** SUPPLIED RECORDS follows **
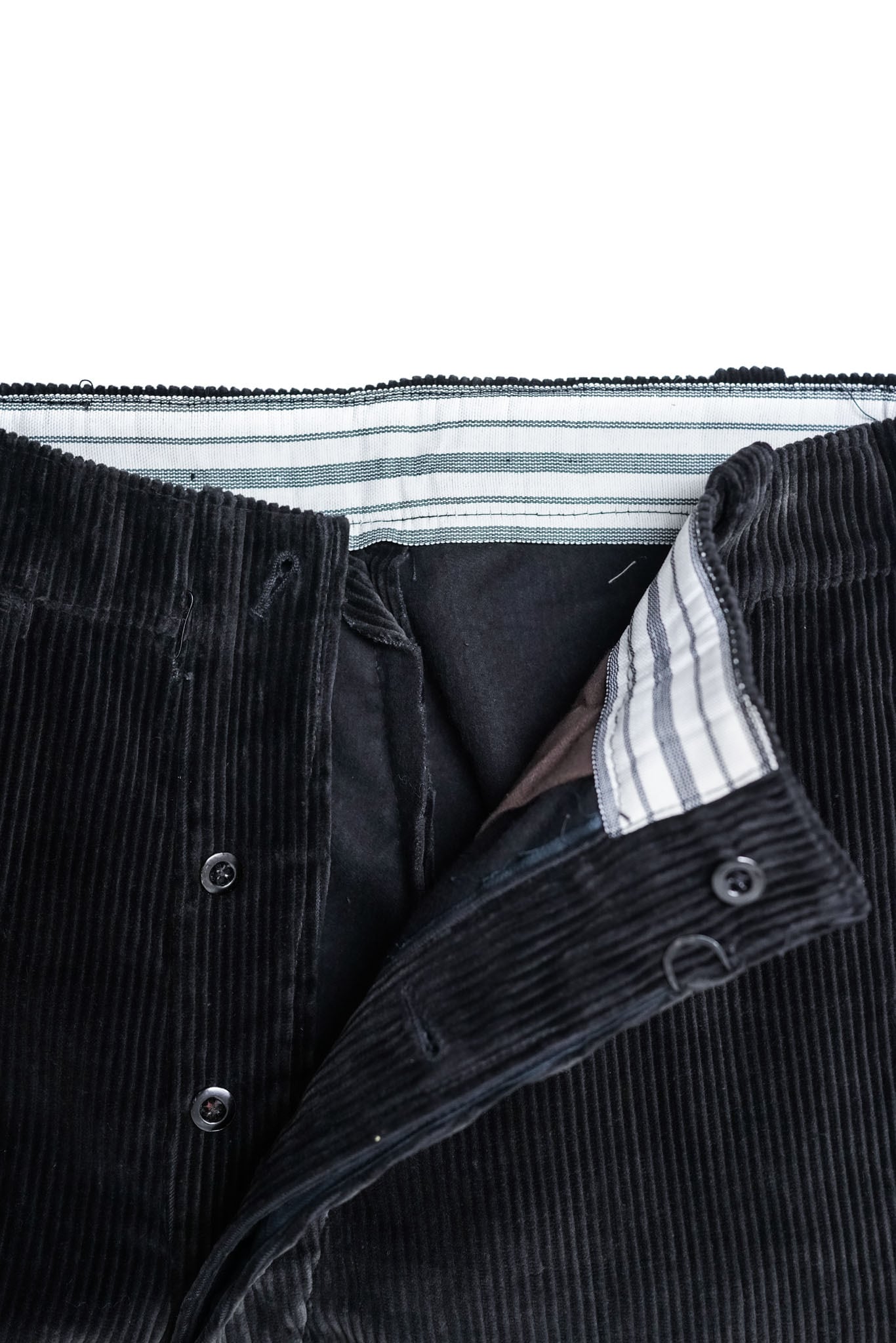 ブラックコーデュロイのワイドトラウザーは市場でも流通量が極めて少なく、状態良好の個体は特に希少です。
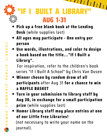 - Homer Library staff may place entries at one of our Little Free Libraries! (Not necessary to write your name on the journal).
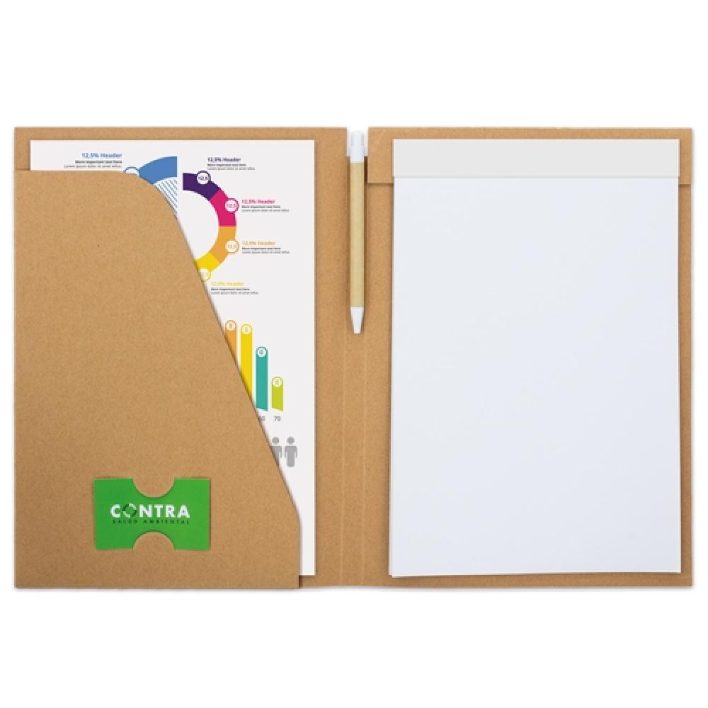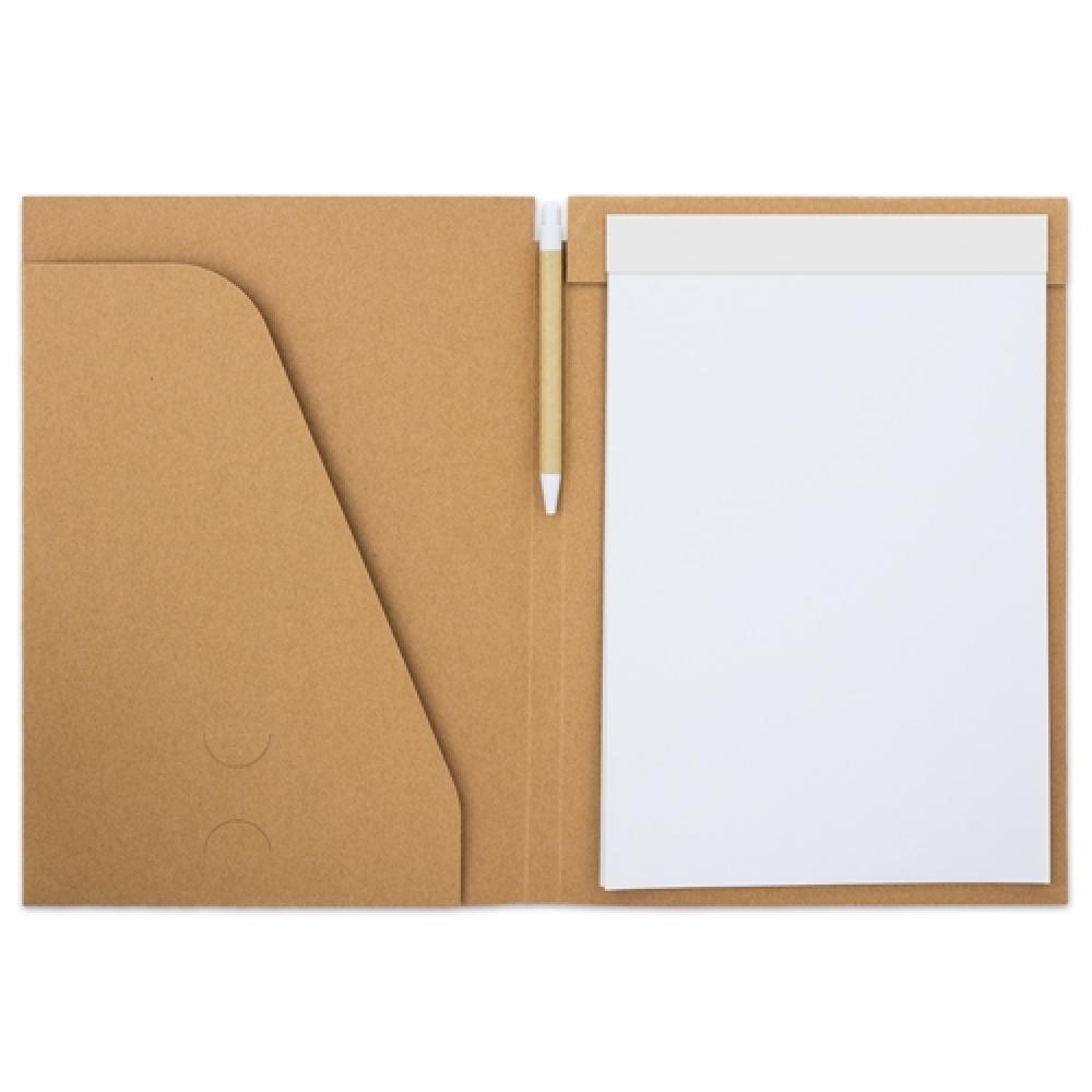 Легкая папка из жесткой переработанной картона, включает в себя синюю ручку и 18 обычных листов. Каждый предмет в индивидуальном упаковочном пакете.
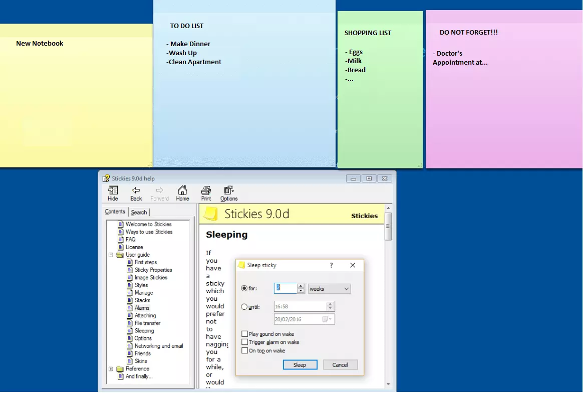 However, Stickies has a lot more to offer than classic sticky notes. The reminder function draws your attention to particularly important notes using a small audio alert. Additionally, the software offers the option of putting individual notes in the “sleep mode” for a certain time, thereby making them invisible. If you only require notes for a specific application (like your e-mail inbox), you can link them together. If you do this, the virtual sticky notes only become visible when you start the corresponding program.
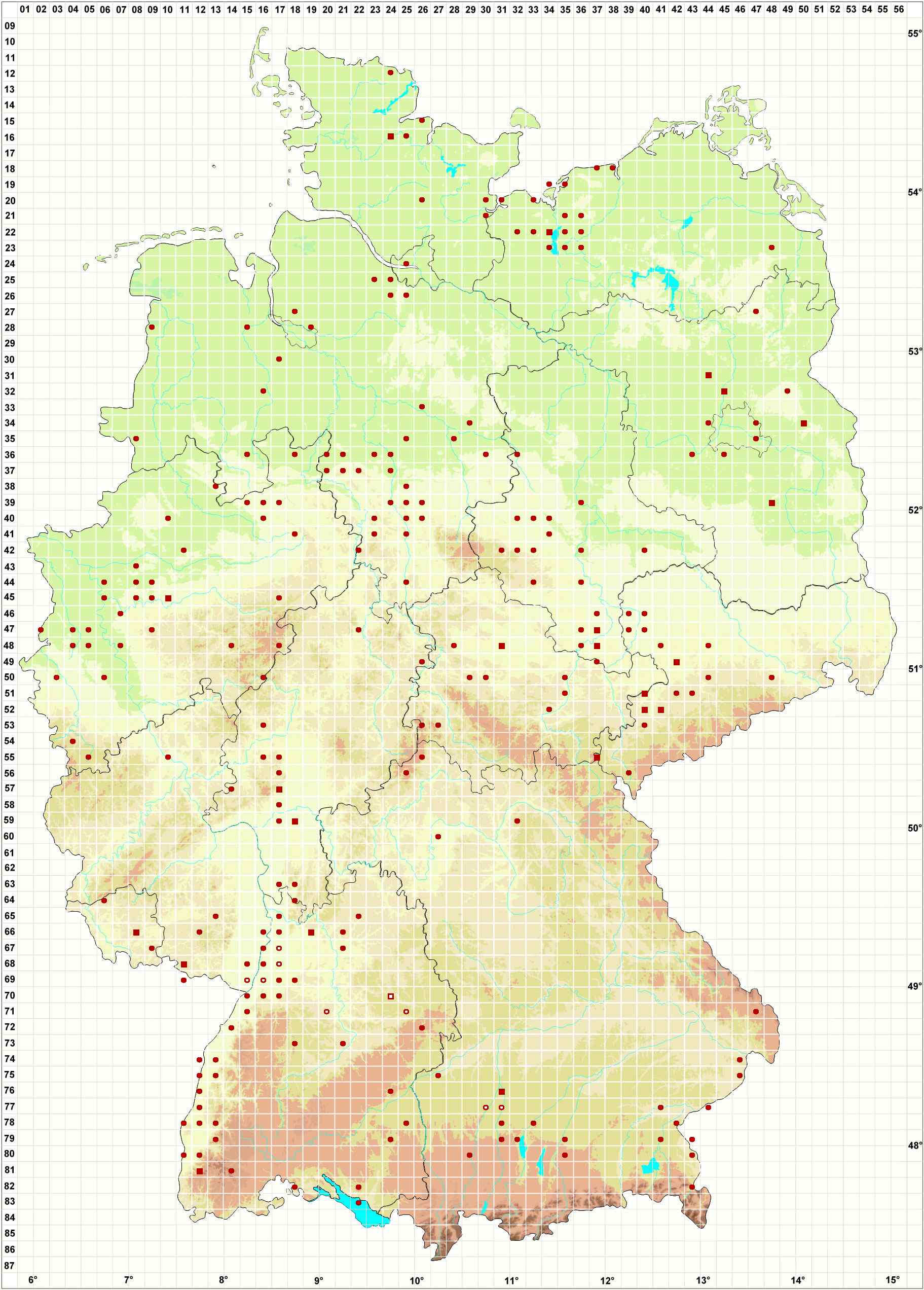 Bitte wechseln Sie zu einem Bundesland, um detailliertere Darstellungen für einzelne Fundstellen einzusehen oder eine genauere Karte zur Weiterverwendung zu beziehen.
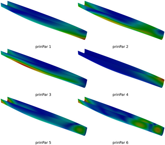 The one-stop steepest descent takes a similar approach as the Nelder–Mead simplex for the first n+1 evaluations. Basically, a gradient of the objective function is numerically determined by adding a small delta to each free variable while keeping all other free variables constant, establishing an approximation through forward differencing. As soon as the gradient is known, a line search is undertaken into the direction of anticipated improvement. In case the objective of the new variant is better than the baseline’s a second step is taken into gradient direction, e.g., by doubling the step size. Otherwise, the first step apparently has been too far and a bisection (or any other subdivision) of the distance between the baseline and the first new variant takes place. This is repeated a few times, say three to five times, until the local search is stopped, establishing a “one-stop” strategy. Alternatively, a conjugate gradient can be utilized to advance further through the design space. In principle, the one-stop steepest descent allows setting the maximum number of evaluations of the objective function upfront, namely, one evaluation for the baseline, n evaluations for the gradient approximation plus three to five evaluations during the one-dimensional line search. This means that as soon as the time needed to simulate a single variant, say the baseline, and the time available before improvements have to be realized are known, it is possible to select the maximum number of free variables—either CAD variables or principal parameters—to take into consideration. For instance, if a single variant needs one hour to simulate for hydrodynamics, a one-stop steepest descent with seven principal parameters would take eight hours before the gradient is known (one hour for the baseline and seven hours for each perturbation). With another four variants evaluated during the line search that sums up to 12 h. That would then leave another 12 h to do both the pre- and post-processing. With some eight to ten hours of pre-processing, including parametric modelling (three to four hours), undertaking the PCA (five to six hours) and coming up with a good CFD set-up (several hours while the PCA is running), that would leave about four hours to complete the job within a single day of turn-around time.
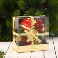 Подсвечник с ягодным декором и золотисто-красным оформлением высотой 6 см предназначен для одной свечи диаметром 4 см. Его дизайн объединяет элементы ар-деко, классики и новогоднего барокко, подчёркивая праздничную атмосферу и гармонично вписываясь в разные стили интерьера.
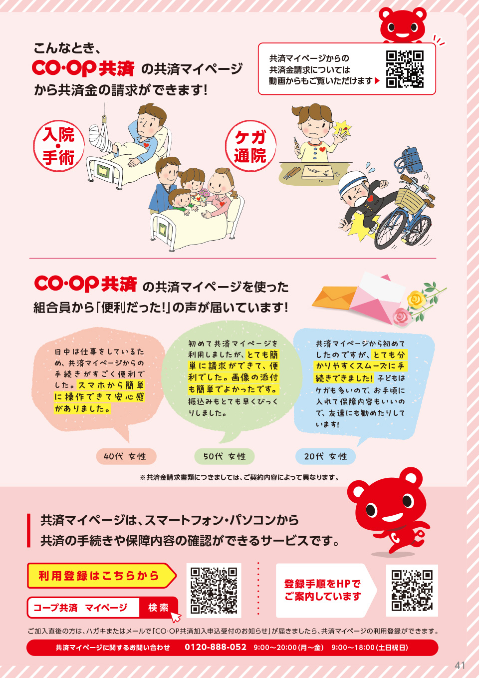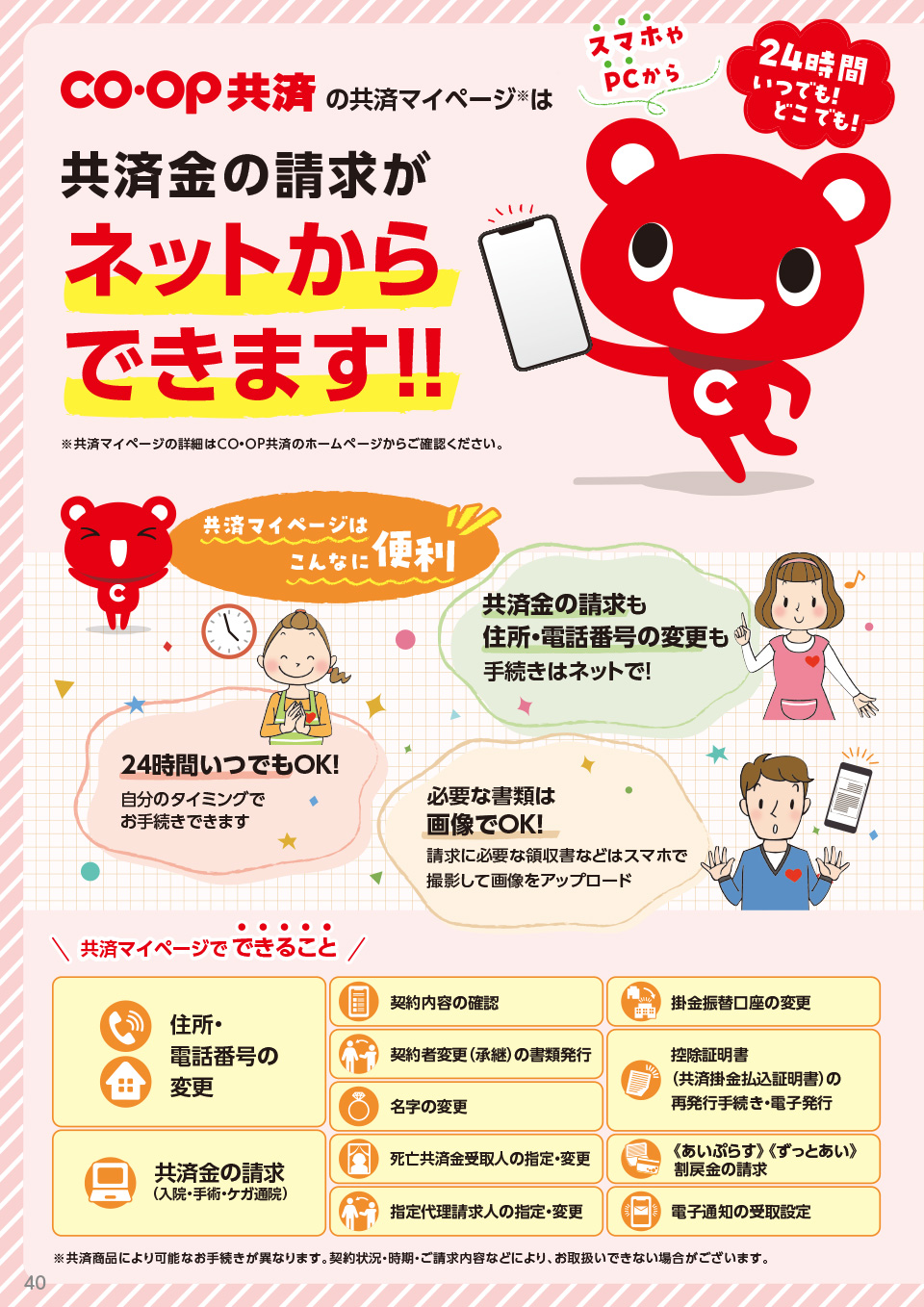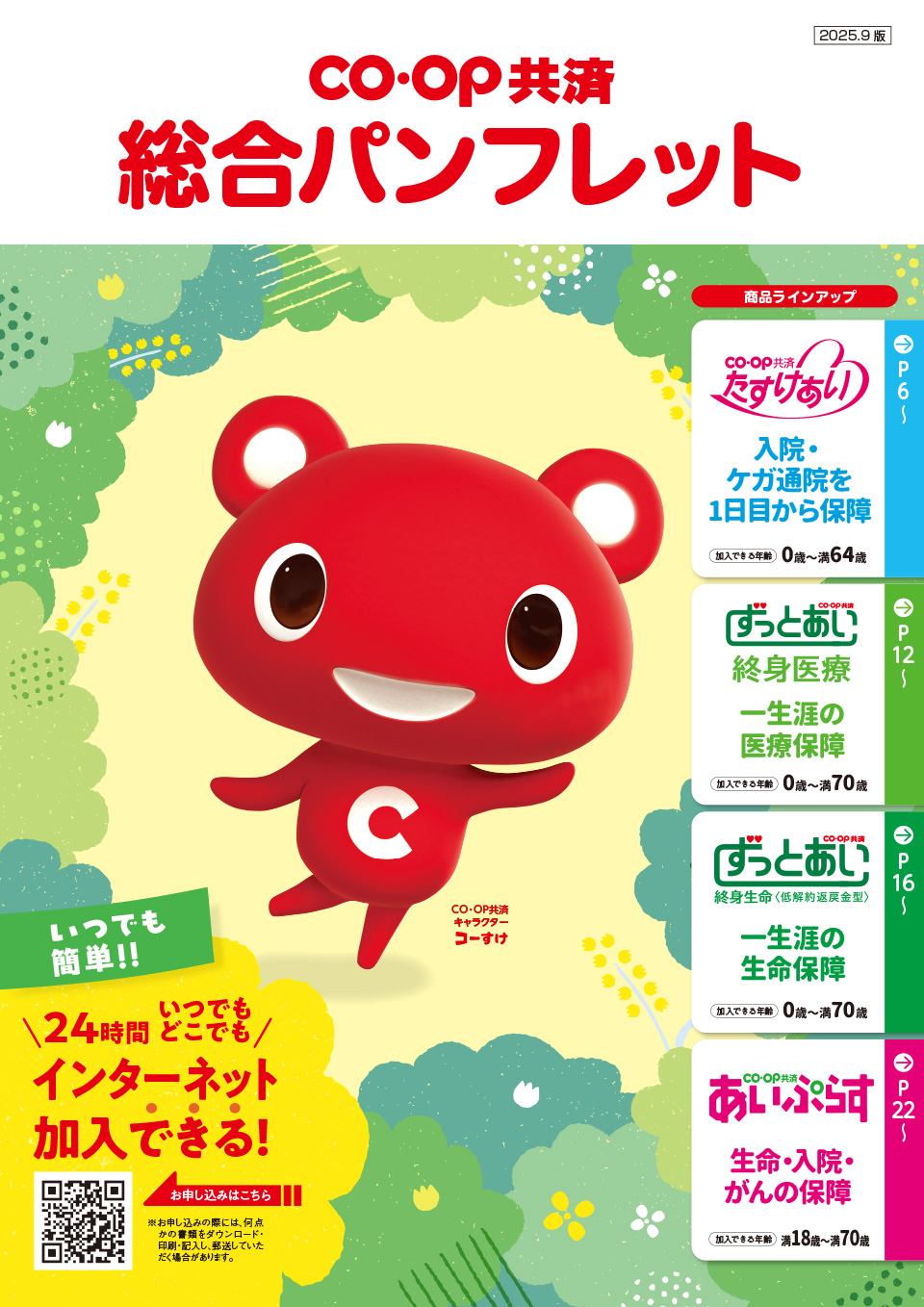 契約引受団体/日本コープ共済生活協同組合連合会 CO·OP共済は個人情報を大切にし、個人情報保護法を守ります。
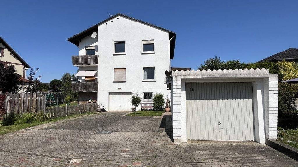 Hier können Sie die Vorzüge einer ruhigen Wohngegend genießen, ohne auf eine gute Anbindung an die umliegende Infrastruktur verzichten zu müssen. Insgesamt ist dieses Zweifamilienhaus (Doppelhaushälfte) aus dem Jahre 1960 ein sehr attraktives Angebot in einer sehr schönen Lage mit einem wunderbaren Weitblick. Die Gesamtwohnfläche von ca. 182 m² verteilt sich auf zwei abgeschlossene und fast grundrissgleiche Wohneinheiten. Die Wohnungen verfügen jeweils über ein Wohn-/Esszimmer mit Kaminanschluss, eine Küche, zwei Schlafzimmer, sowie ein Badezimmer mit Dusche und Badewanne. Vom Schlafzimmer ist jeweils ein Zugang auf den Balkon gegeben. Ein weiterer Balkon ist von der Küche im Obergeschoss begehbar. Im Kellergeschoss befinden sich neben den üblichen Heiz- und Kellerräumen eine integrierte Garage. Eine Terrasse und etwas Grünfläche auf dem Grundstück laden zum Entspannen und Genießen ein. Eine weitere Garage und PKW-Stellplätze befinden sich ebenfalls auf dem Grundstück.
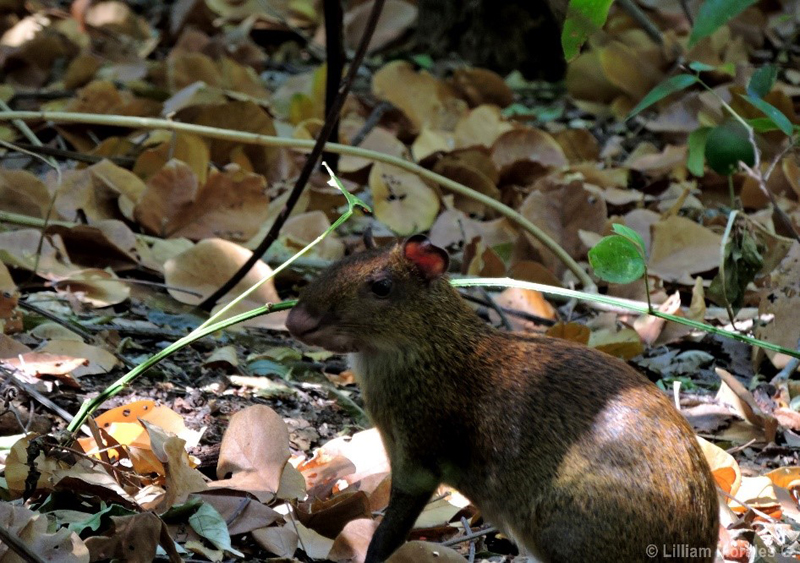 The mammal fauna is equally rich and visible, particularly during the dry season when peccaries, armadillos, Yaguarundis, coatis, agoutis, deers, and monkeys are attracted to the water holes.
** End of SUPPLIED RECORDS **
YOUR GOAL => Output only the lines above from the line that holds "Подсвечник с ягодным" through the line that holds "契約引受団体/日本コープ共済", both ends included, and exclude pictures.

FINISHED TASK =>
 Подсвечник с ягодным декором и золотисто-красным оформлением высотой 6 см предназначен для одной свечи диаметром 4 см. Его дизайн объединяет элементы ар-деко, классики и новогоднего барокко, подчёркивая праздничную атмосферу и гармонично вписываясь в разные стили интерьера.
 契約引受団体/日本コープ共済生活協同組合連合会 CO·OP共済は個人情報を大切にし、個人情報保護法を守ります。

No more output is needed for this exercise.